Whether there is a process whose analysis of one part does not allow predicting the next part. - page 2

 
wmlab:
Air temperature graph.
In the sauna?
 
-Aleksey-:

1. I didn't write about this - I wrote about the opposite, that if you know a priori that the series is not a representation of some process, then it is illogical to predict it.

2. And what the author wants is a GSF with an arbitrary variable distribution.

1. What is the point of looking at a series that has nothing to do with the process? - We are talking about studying and predicting a hypothetical process and a numerical series belonging to it.

2. RNG is predictable - knowing the previous segment one can predict the value at the end of the next segment with a certain accuracy (numbers cannot stay long enough near the same value - otherwise it won't be an NF series anymore).

 
-Aleksey-:
I didn't write about that - I wrote about the opposite, that if you know a priori that a series is not a representation of some process, then it is illogical to predict it. And what the author wants is a RNG with an arbitrary variable distribution.

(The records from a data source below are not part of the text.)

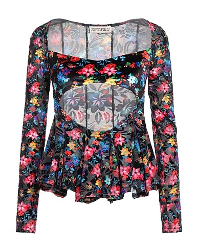 Peplum-Top, Chenille, Blumenmuster, Brand Logo, Mit Cut-outs, quadratischer Ausschnitt, lange Ärmel, Stretch, nicht mit Wasser waschen, Trockner ungeeignet
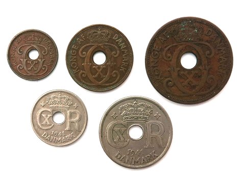 Færø-møntsæt, 1-, 2-, 5-, 10- og 25-ører, 1941, "De hjerteløse mønter" (5)
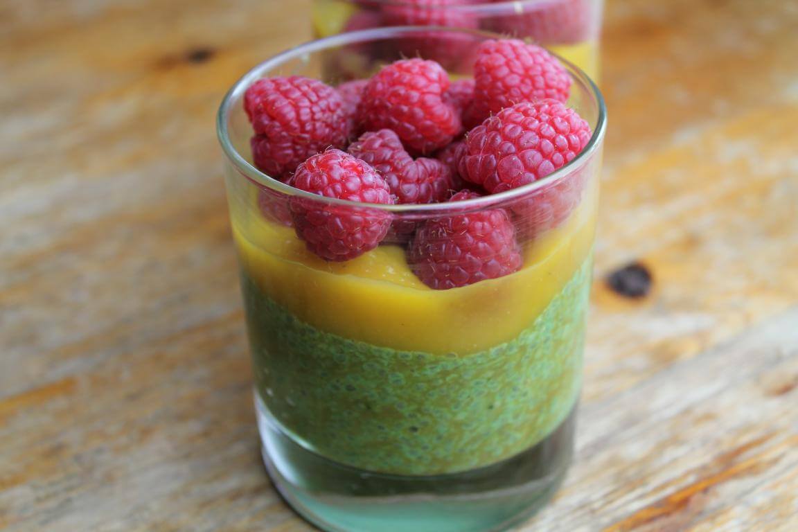 200 ml Milch mit Zucker aufkochen. Vom Herd nehmen und das Matchapulver mit einem Schneebesen einrühren. Die Chiasamen hinzufügen und gut durchrühren, bis die Masse etwas andickt. In Gläser füllen, abkühlen lassen und dann in den Kühlschrank stellen. Mit Apfelmangomus auffüllen und mit Himbeeren garnieren.

Any series is a representation of some process, at least the process of creating that series.
 
joo:

Hi.

I suggest that the esteemed community come up with a process that cannot be predicted (so that no money can be made on this prediction). At the same time, the process should not have stationary stat-characteristics over time.


We toss a coin, heads tick up, tails tick down... Instead of a coin MathRand()%2.
 
Integer:

We toss a coin, heads tick up, tails tick down... Instead of a coin, MathRand()%2.

Tried. Used a grid with one hidden layer. I managed to achieve positive MO - I predicted the direction of the next increment. So your variant is no good.

->

joo:

2. The LFO, as well as the MF, is predictive - knowing the previous segment you can predict the value at the end of the next segment with a certain degree of accuracy (the numbers cannot stagnate long enough around one value - otherwise it will no longer be adjacent to the MF).

 
joo:

Tried. Used a grid with one hidden layer. Was able to achieve a positive MO - predicted the direction of the next increment. So your version is no good.

->

So the probability of the next increment is 1/2... Come on... Tell that to Dub (he proved that it's impossible to win at eagle's nest).
 

My point is that it is possible to predict any process with positive MO.

But still, I suspect there is only one situation where prediction is impossible - when the process itself "knows" about the observer and its previous predictions, i.e. these are forward and backward-coupled systems. In this case it is impossible to predict without adjusting the predictor over time, and that is if the lag in the adjustment is sufficiently small (and there is always a lag - the discreteness in the observations can't be removed).

 
If the observer knows that the process knows about the observer?

If the process knows that the observer knows that the process knows?

If the observer knows that the process knows that the observer knows that the process knows that the observer knows that the process knows that the observer knows that the process knows that the observer knows that the process knows... Who wins?

 
Integer:
If the observer knows that the process knows about the observer?

If the process knows that the observer knows that the process knows?

If the observer knows that the process knows that the observer knows that the process knows that the observer knows that the process knows that the observer knows that the process knows that the observer knows that the process knows... Who wins?

The one who has a commission from the observer.
 
The series obtained by increments whose direction is determined by flipping a coin is not predictable. If you can prove otherwise, all the world's prizes in all the sciences will be yours.